● DATA PROVIDED:

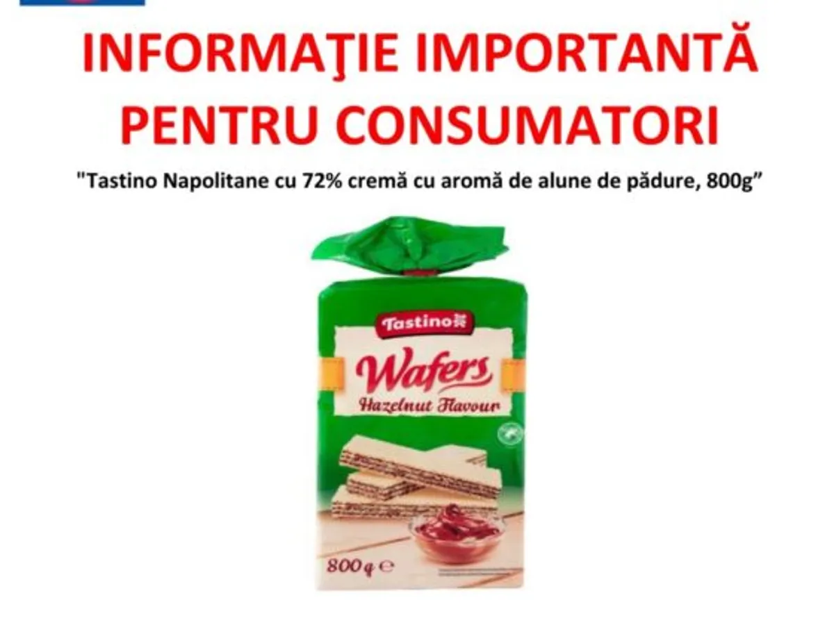 Potrivit sursei citate, această rechemare vizează exclusiv produsul "Tastino Napolitane cu 72% cremă cu aromă de alune de pădure, 800g".
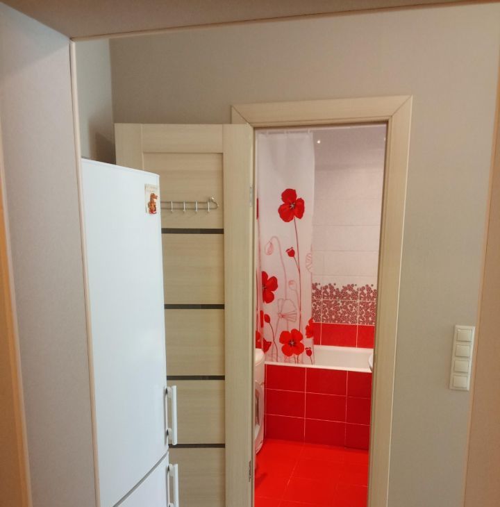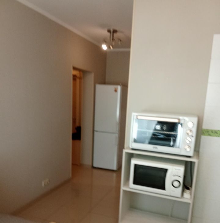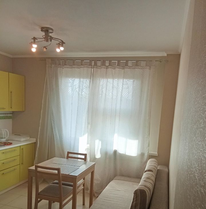 В квартире есть все необходимое для комфортного проживания. Современная кухня полностью укомплектована мебелью и техникой: установлен холодильник и кондиционер. В комнате также есть необходимая мебель. Ванная комната оборудована ванной, есть стиральная машина. Окна выходят во двор, что обеспечивает тишину и уют.
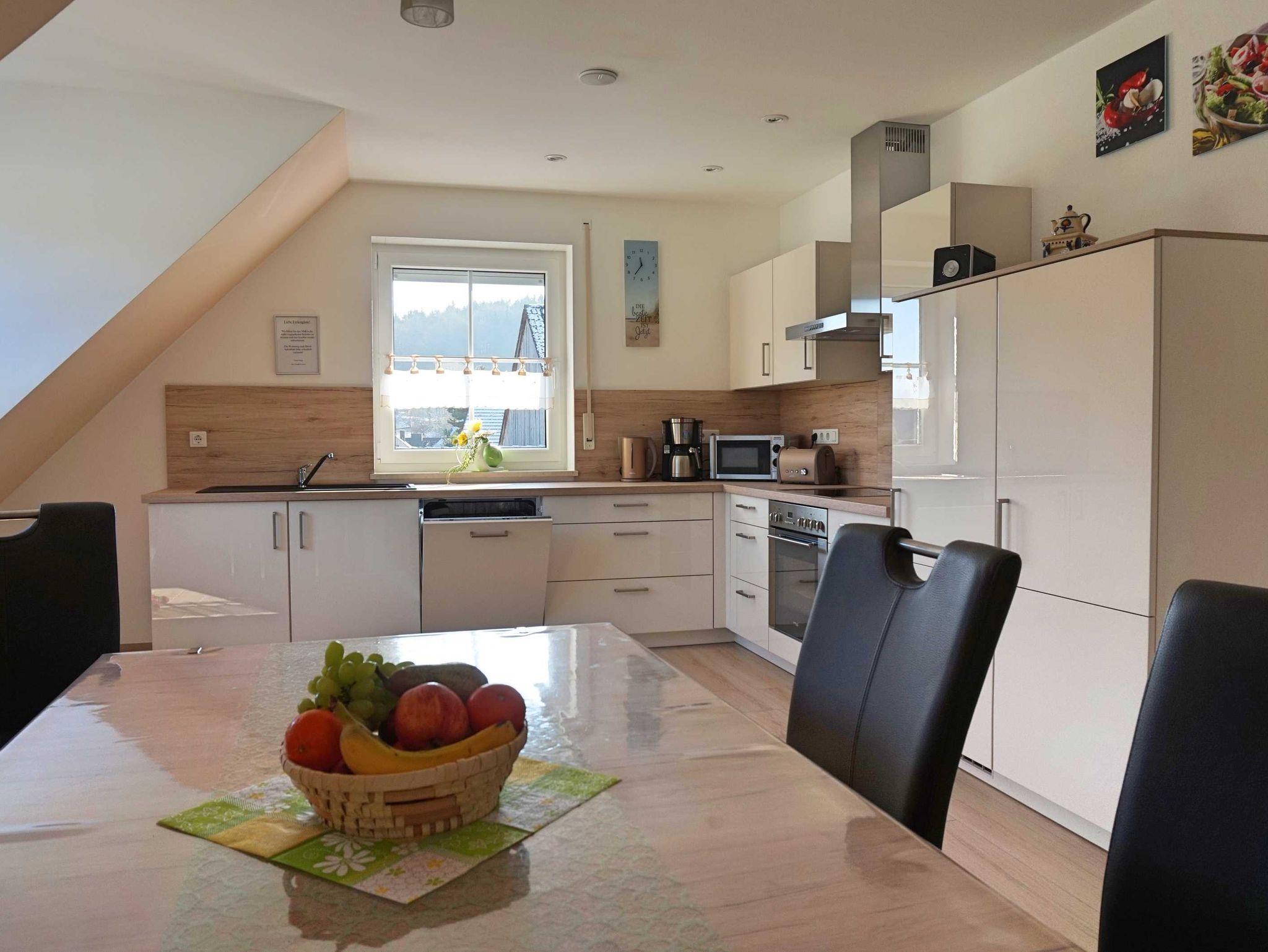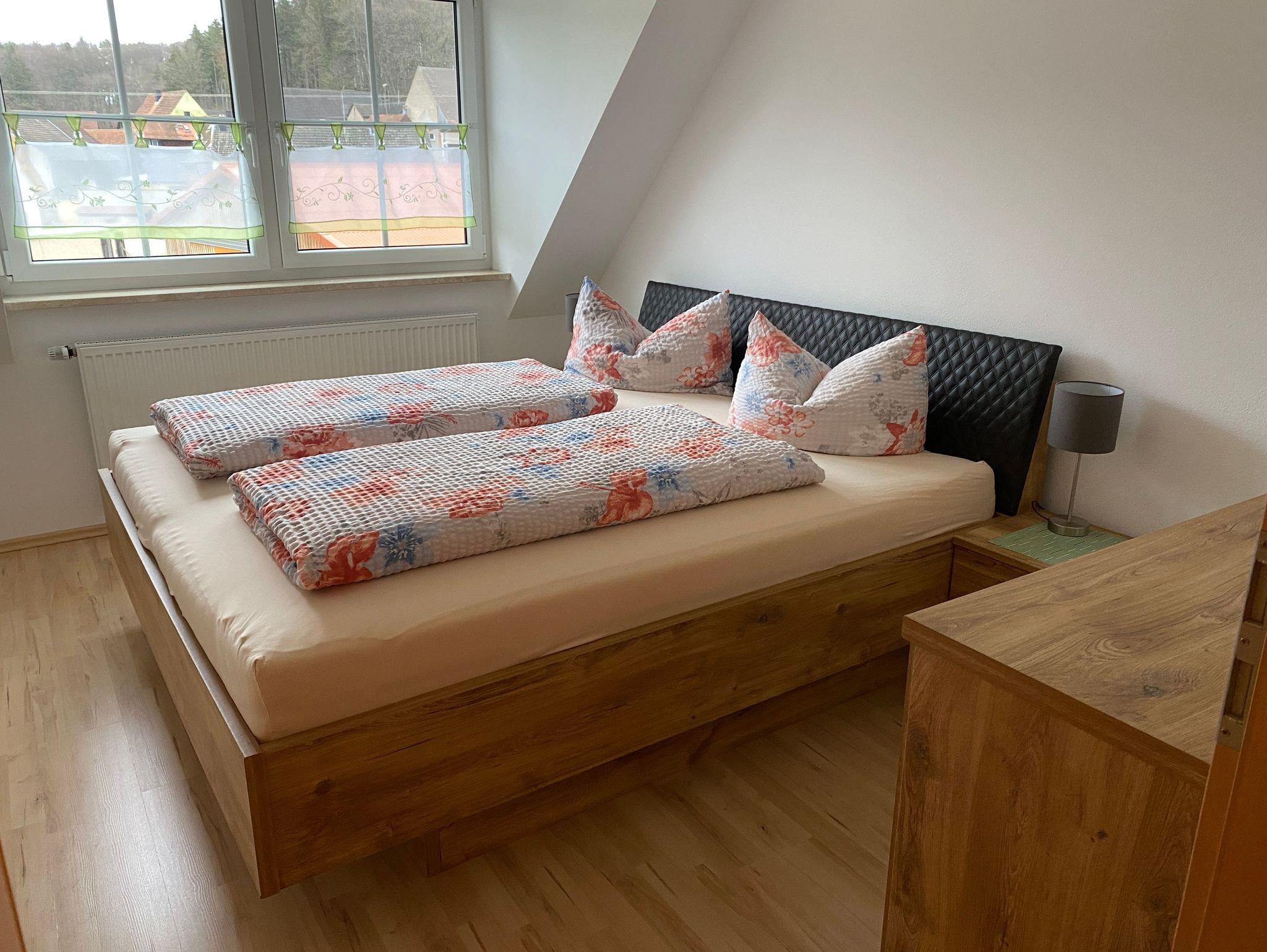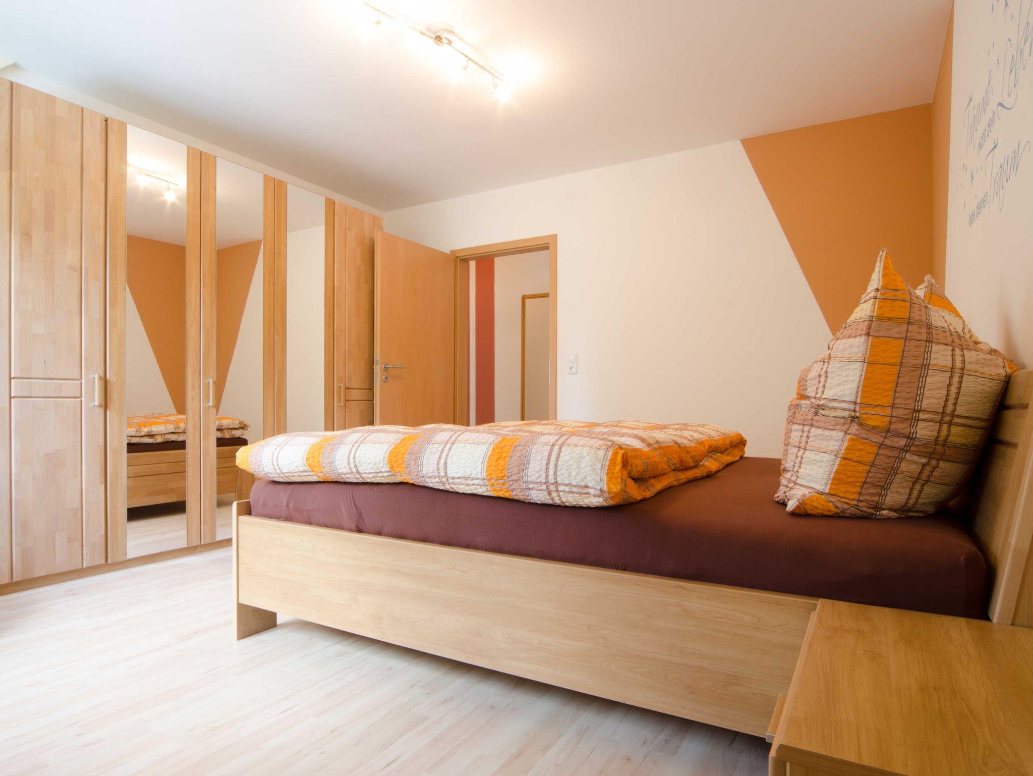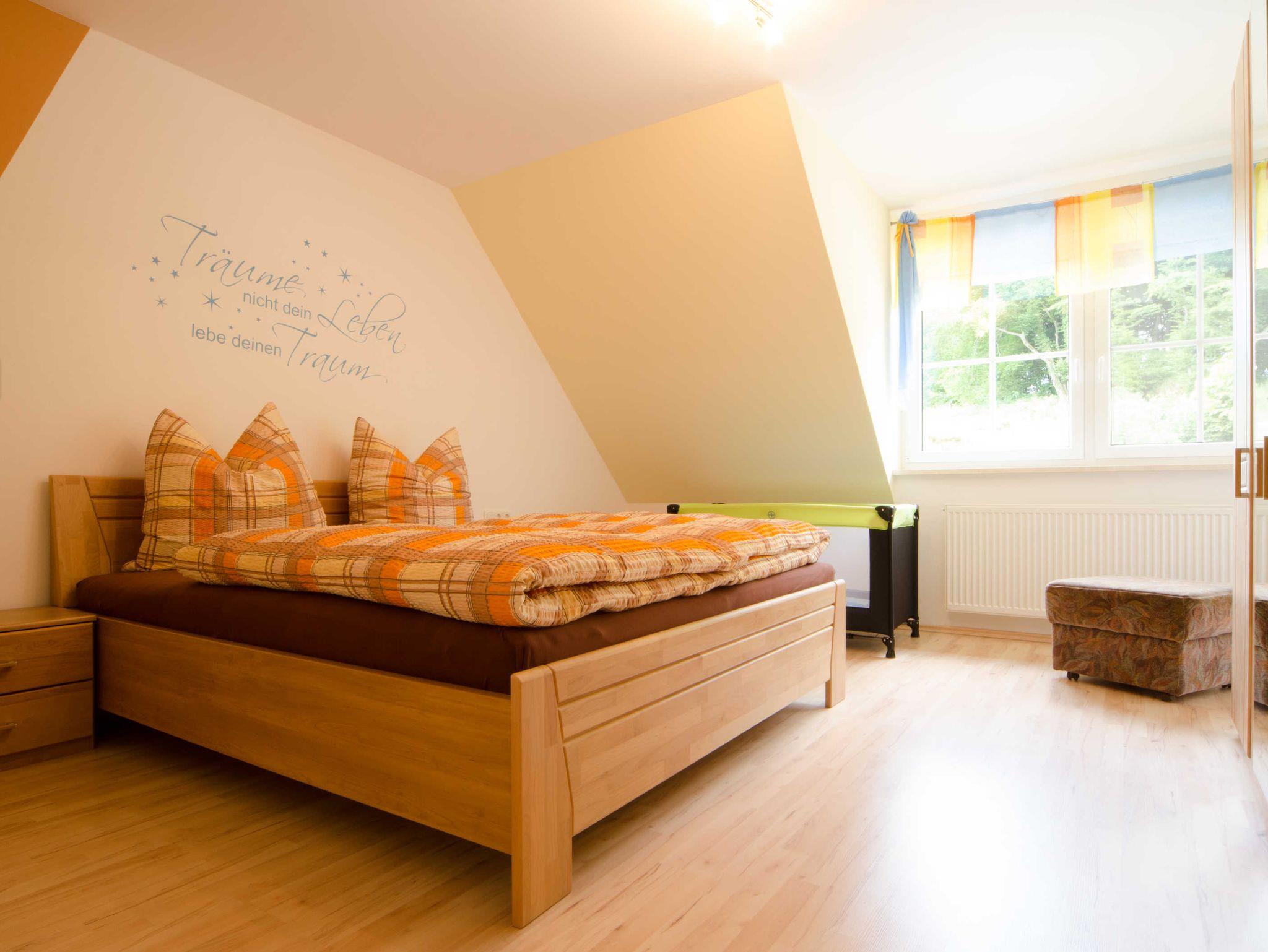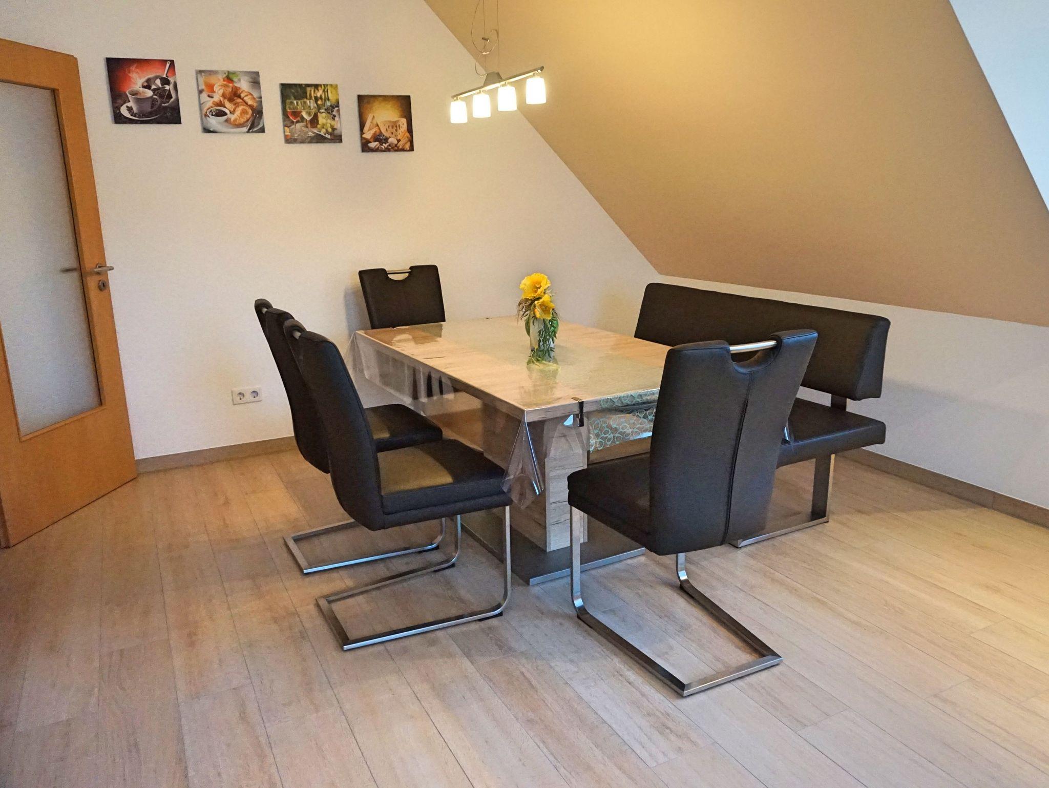 Wir bieten Ihnen eine neu komfortable Ferienwohnung für 2 bis 5 Personen (alternativ bis 7 Personen nutzbar). Unsere Ferienwohnung befindet sich im Dachgeschoss. Auf ca.100 qm Wohnfläche lässt es sich wohlfühlen mit einem Doppelschlafzimmer, zwei Kinderzimmer (ein Kinderzimmer kann auch als Doppelzimmer genutzt werden), Küche, Bad, Wohnzimmer mit Schlafcouch und Balkon.

● WORK INSTRUCTIONS: Omitting all images, print the listing exactly.

● EXERCISE OUTPUT:
 Potrivit sursei citate, această rechemare vizează exclusiv produsul "Tastino Napolitane cu 72% cremă cu aromă de alune de pădure, 800g".
 В квартире есть все необходимое для комфортного проживания. Современная кухня полностью укомплектована мебелью и техникой: установлен холодильник и кондиционер. В комнате также есть необходимая мебель. Ванная комната оборудована ванной, есть стиральная машина. Окна выходят во двор, что обеспечивает тишину и уют.
 Wir bieten Ihnen eine neu komfortable Ferienwohnung für 2 bis 5 Personen (alternativ bis 7 Personen nutzbar). Unsere Ferienwohnung befindet sich im Dachgeschoss. Auf ca.100 qm Wohnfläche lässt es sich wohlfühlen mit einem Doppelschlafzimmer, zwei Kinderzimmer (ein Kinderzimmer kann auch als Doppelzimmer genutzt werden), Küche, Bad, Wohnzimmer mit Schlafcouch und Balkon.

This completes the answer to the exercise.